● **DESCRIPTION OF THE TASK**: Once you find the line containing "Netia podtrzymała prognozę", set down exactly that line and every one after it through the end of the listing below, with both ends included and any pictures omitted.

● **LISTED ENTRIES**:
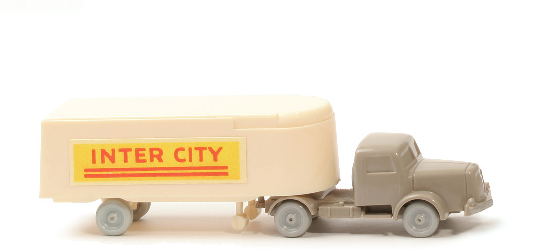 Achsen | Rollachser | | Zugmaschine | Farbe Kabine | braunelfenbein | Farbe Chassis | braunelfenbein | Bemalung | Scheinwerfer, Stoßstange | Sattelpfanne | eingesetzt, in Chassisfarbe | Chassis | Version 1a | Achshalterungen | geschlossen | Bodenprägung | WM im Kreis | Reserverad | hinter Kabine | Räder | sog. Porzellanräder | | Auflieger | Farbe Oberteil | creme | Farbe Unterteil | creme | Radlauf | ohne Kotflügel | Bodenprägung | WM im Kreis | Rückleuchten | ohne | Dach | glänzend | Aufkleberart | Papier, matt | Beschriftung | Inter City (s. Foto) | Beschriftung Farbe | gelb mit roter Schrift | Räder | sog. Porzellanräder |
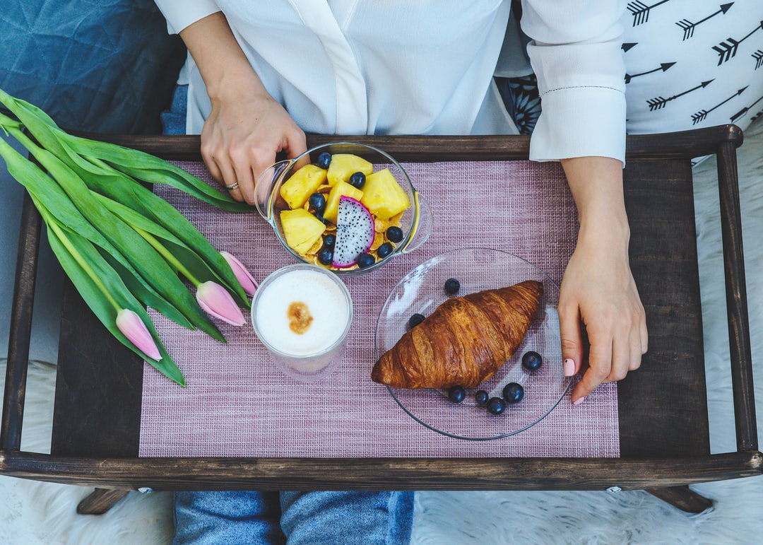 flat-lay摄影的羊角面包玻璃板旁边一杯牛奶
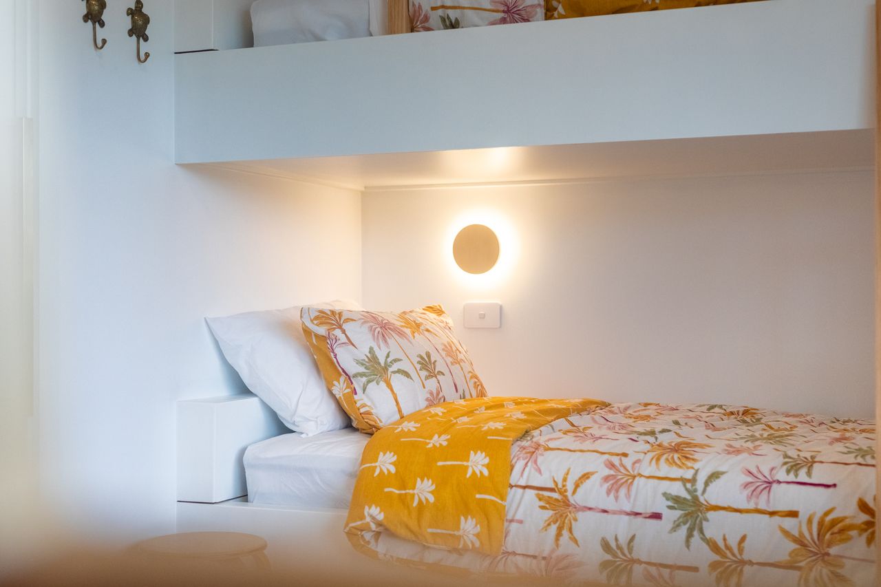 Bedroom 3: 4 single bunk beds (2 up, 2 down).
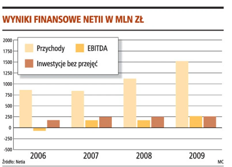 Netia podtrzymała prognozę tegorocznych przychodów na poziomie 1,52 mld zł. Podniosła za to prognozę rentowności EBITDA na następne lata. W 2010 roku marża EBITDA ma wynieść 23 proc. (poprzednia prognoza - 20 proc.), a w 2012 roku - 28 proc. (poprzednio - 25 proc.). Prezes Godlewski podtrzymuje plany kupowania lokalnych operatorów usług internetowych.
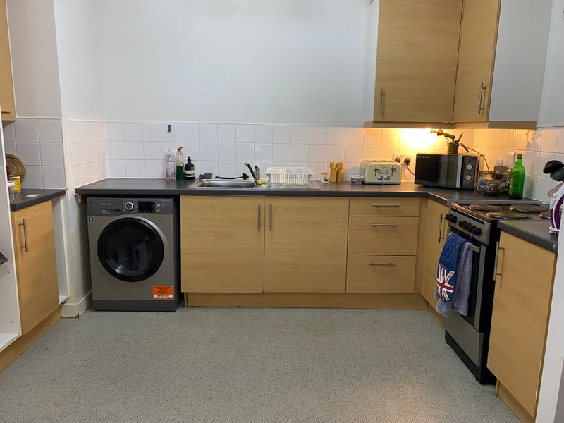 The flat has a large living area with a fully equipped kitchen, including washing machine, dryer, hob, oven and cooker.
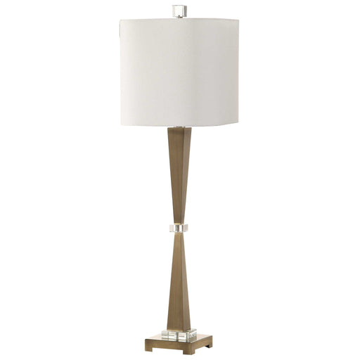 This Simple, Contemporary Buffet Lamp Features Clean Lines And A Versatile Style. The Iron Base Is Finished In A Plated Antique Brass, Displayed On...

● **EXERCISE OUTPUT**:
 Netia podtrzymała prognozę tegorocznych przychodów na poziomie 1,52 mld zł. Podniosła za to prognozę rentowności EBITDA na następne lata. W 2010 roku marża EBITDA ma wynieść 23 proc. (poprzednia prognoza - 20 proc.), a w 2012 roku - 28 proc. (poprzednio - 25 proc.). Prezes Godlewski podtrzymuje plany kupowania lokalnych operatorów usług internetowych.
 The flat has a large living area with a fully equipped kitchen, including washing machine, dryer, hob, oven and cooker.
 This Simple, Contemporary Buffet Lamp Features Clean Lines And A Versatile Style. The Iron Base Is Finished In A Plated Antique Brass, Displayed On...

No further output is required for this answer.